◆ Your instructions: Reproduce the records exactly. Leave the pictures out.

(Collected data)
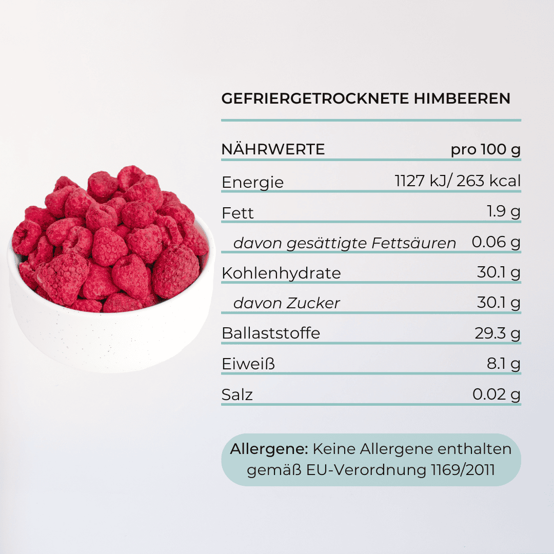 Unsere gefriergetrockneten ganzen Himbeeren können als Snack genossen werden oder als Zutat in vielen Gerichten wie Müslis, Smoothies, Joghurt oder Desserts verwendet werden. Sie eignen sich auch hervorragend als Topping für Eiscreme, Kuchen oder Torten. Die Möglichkeiten sind grenzenlos!
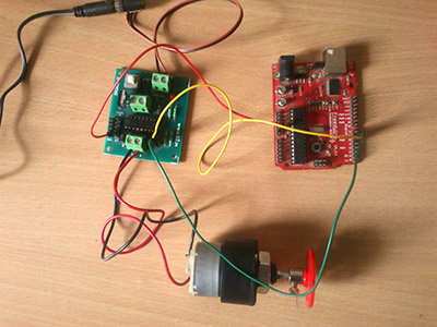 Connection: First connect the red wire from the GND pin of Arduino (red board) to GND pin on the H-bridge PCB (green board). Next connect green wire from 5 of Arduino to any one pin of IN2 on the H-bridge. Next connect yellow wire from 6 of Arduino to the other pin of IN2 on the H-bridge. Connect the motor wires to the screw terminal besides IN2. Polarity won't matter. Next just connect the Arduino board to the computer via the USB cable. It should blink some lights on the board. Don't worry if drivers aren't installed, we just need the power from the computer. Finally connect the power jack to the Adapter and switch it on.
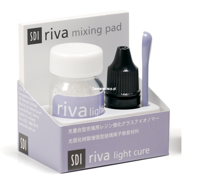 dentínu, uvoľňuje fluorid, vyznačuje sa vysokou odolnosťou proti drveniu a krátkym časom tuhnutia. Riva Light Cure má široké využitie ako výplňový materiál.
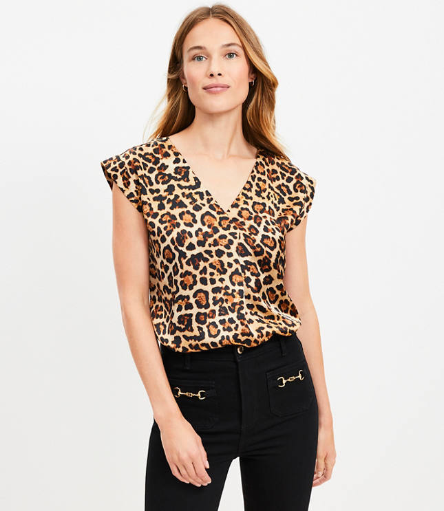Petite Leopard Print Satin Cap Sleeve V-Neck Top in Chattanooga, TN
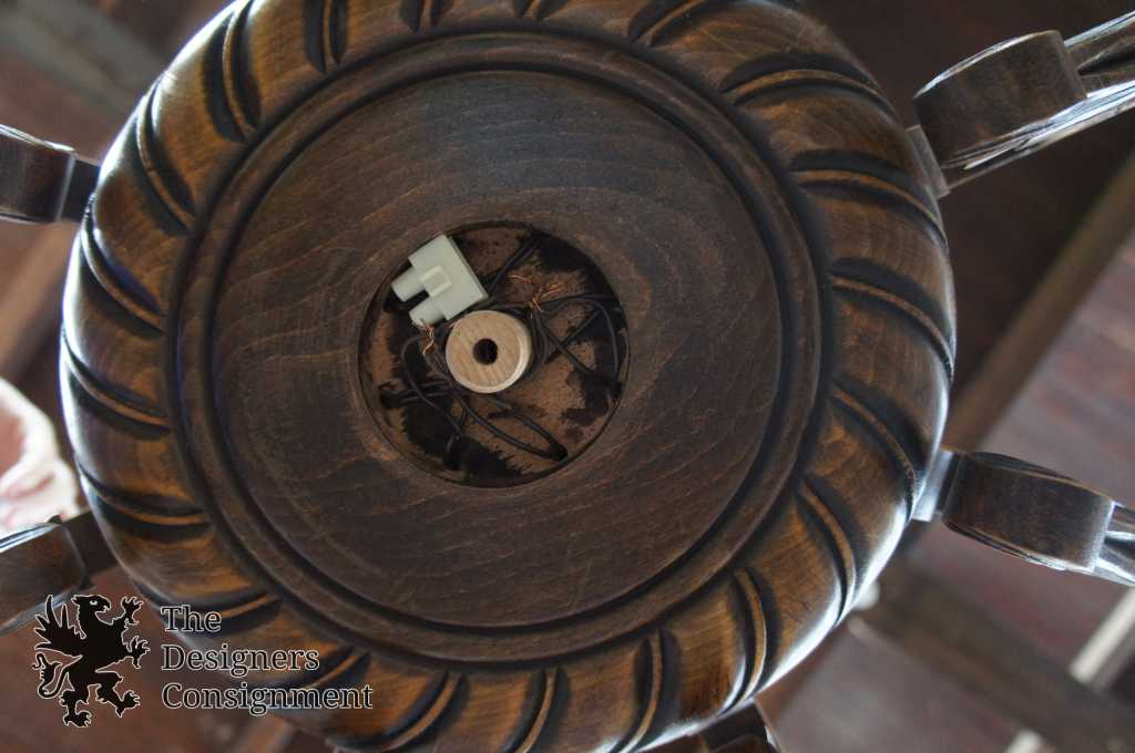 A beautifully carved 8 arm french chandelier. Floral and scalloped design with faux drip candle covers.
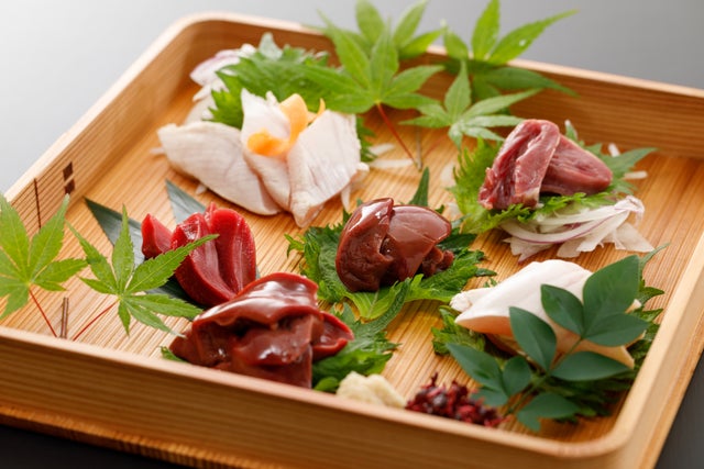 これは、ささみ、ハツ、レバーなどさまざまな部位を生の状態で召し上がっていただくもの。
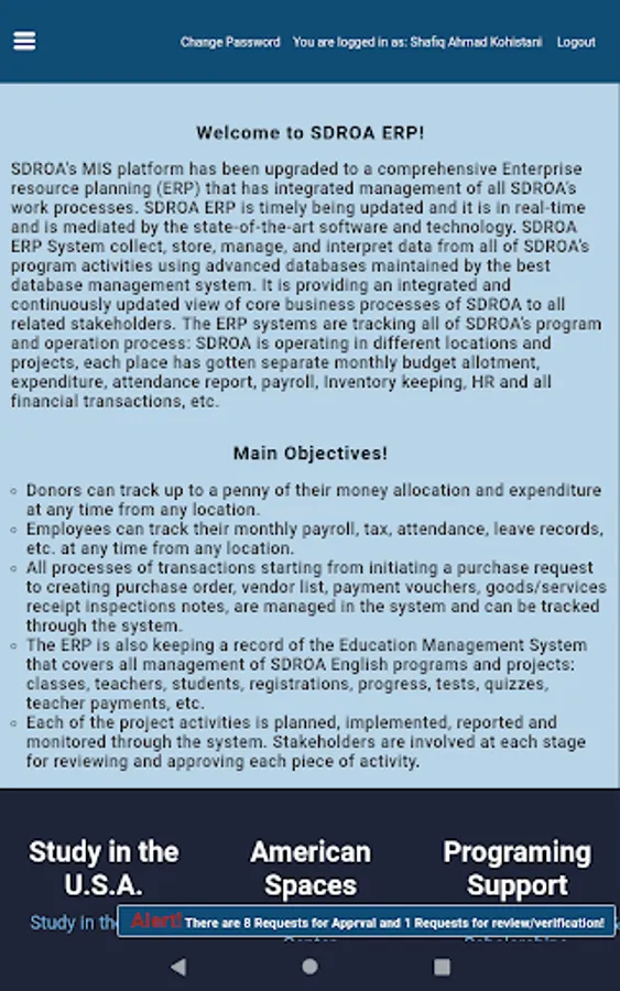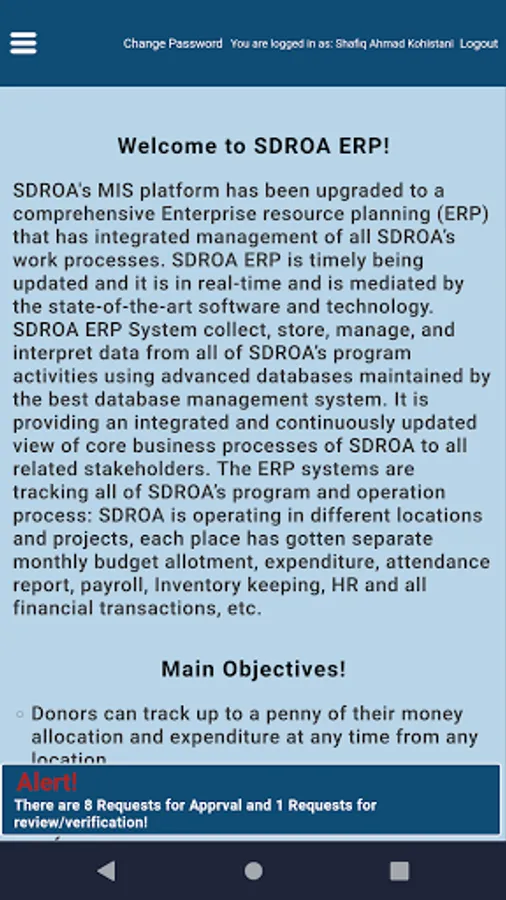 SDROA's MIS platform has been upgraded to a comprehensive Enterprise resource planning (ERP) that has integrated management of all SDROA’s work processes. SDROA ERP is timely being updated and it is in real-time and is mediated by the state-of-the-art software and technology. SDROA ERP System collect, store, manage, and interpret data from all of SDROA’s program activities using advanced databases maintained by the best database management system. It is providing an integrated and continuously updated view of core business processes of SDROA to all related stakeholders. The ERP systems are tracking all of SDROA’s program and operation process: SDROA is operating in different locations and projects, each place has gotten separate monthly budget allotment, expenditure, attendance report, payroll, Inventory keeping, HR and all financial transactions, etc.
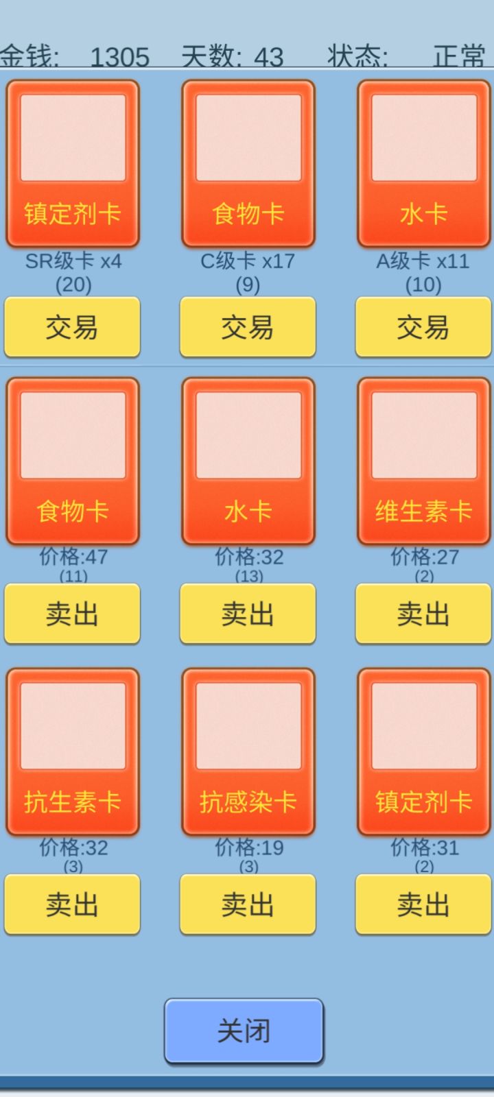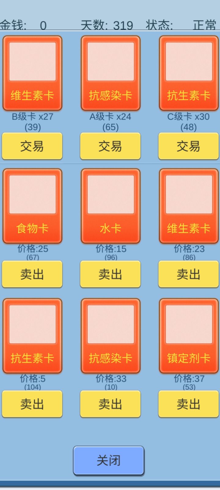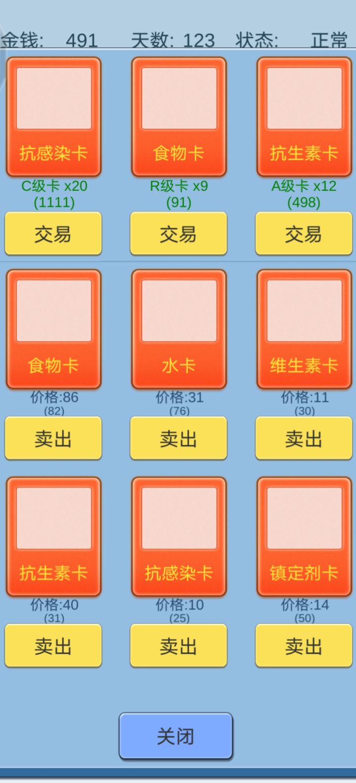商人第一忍者生存者精神强大并列第二商人通关必备后面刷钱药物40左右就能卖 食物卡60块钱的时候卖一波刷点其他卡后面没90不要卖
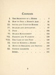 | Keywords: The horse and how to care for him (Page 3) BHL22499308.jpg The horse and how to care for him how to choose a horse tell his age feed stable harness and train him and keep him in good health / by C T Davies 22499308 72994 29597 Page 3 Table of Contents http //www biodiversitylibrary org/page/22499308 10 5962/bhl title 29597 Davies C T NOT_IN_COPYRIGHT<br> Biodiversity Heritage Library PD-old-70-1923 The horse and how to care for him Images uploaded by Fæ Files from the Biodiversity Heritage Library |

◆ Output of the task:
 Unsere gefriergetrockneten ganzen Himbeeren können als Snack genossen werden oder als Zutat in vielen Gerichten wie Müslis, Smoothies, Joghurt oder Desserts verwendet werden. Sie eignen sich auch hervorragend als Topping für Eiscreme, Kuchen oder Torten. Die Möglichkeiten sind grenzenlos!
 Connection: First connect the red wire from the GND pin of Arduino (red board) to GND pin on the H-bridge PCB (green board). Next connect green wire from 5 of Arduino to any one pin of IN2 on the H-bridge. Next connect yellow wire from 6 of Arduino to the other pin of IN2 on the H-bridge. Connect the motor wires to the screw terminal besides IN2. Polarity won't matter. Next just connect the Arduino board to the computer via the USB cable. It should blink some lights on the board. Don't worry if drivers aren't installed, we just need the power from the computer. Finally connect the power jack to the Adapter and switch it on.
 dentínu, uvoľňuje fluorid, vyznačuje sa vysokou odolnosťou proti drveniu a krátkym časom tuhnutia. Riva Light Cure má široké využitie ako výplňový materiál.
Petite Leopard Print Satin Cap Sleeve V-Neck Top in Chattanooga, TN
 A beautifully carved 8 arm french chandelier. Floral and scalloped design with faux drip candle covers.
 これは、ささみ、ハツ、レバーなどさまざまな部位を生の状態で召し上がっていただくもの。
 SDROA's MIS platform has been upgraded to a comprehensive Enterprise resource planning (ERP) that has integrated management of all SDROA’s work processes. SDROA ERP is timely being updated and it is in real-time and is mediated by the state-of-the-art software and technology. SDROA ERP System collect, store, manage, and interpret data from all of SDROA’s program activities using advanced databases maintained by the best database management system. It is providing an integrated and continuously updated view of core business processes of SDROA to all related stakeholders. The ERP systems are tracking all of SDROA’s program and operation process: SDROA is operating in different locations and projects, each place has gotten separate monthly budget allotment, expenditure, attendance report, payroll, Inventory keeping, HR and all financial transactions, etc.
商人第一忍者生存者精神强大并列第二商人通关必备后面刷钱药物40左右就能卖 食物卡60块钱的时候卖一波刷点其他卡后面没90不要卖
 | Keywords: The horse and how to care for him (Page 3) BHL22499308.jpg The horse and how to care for him how to choose a horse tell his age feed stable harness and train him and keep him in good health / by C T Davies 22499308 72994 29597 Page 3 Table of Contents http //www biodiversitylibrary org/page/22499308 10 5962/bhl title 29597 Davies C T NOT_IN_COPYRIGHT<br> Biodiversity Heritage Library PD-old-70-1923 The horse and how to care for him Images uploaded by Fæ Files from the Biodiversity Heritage Library |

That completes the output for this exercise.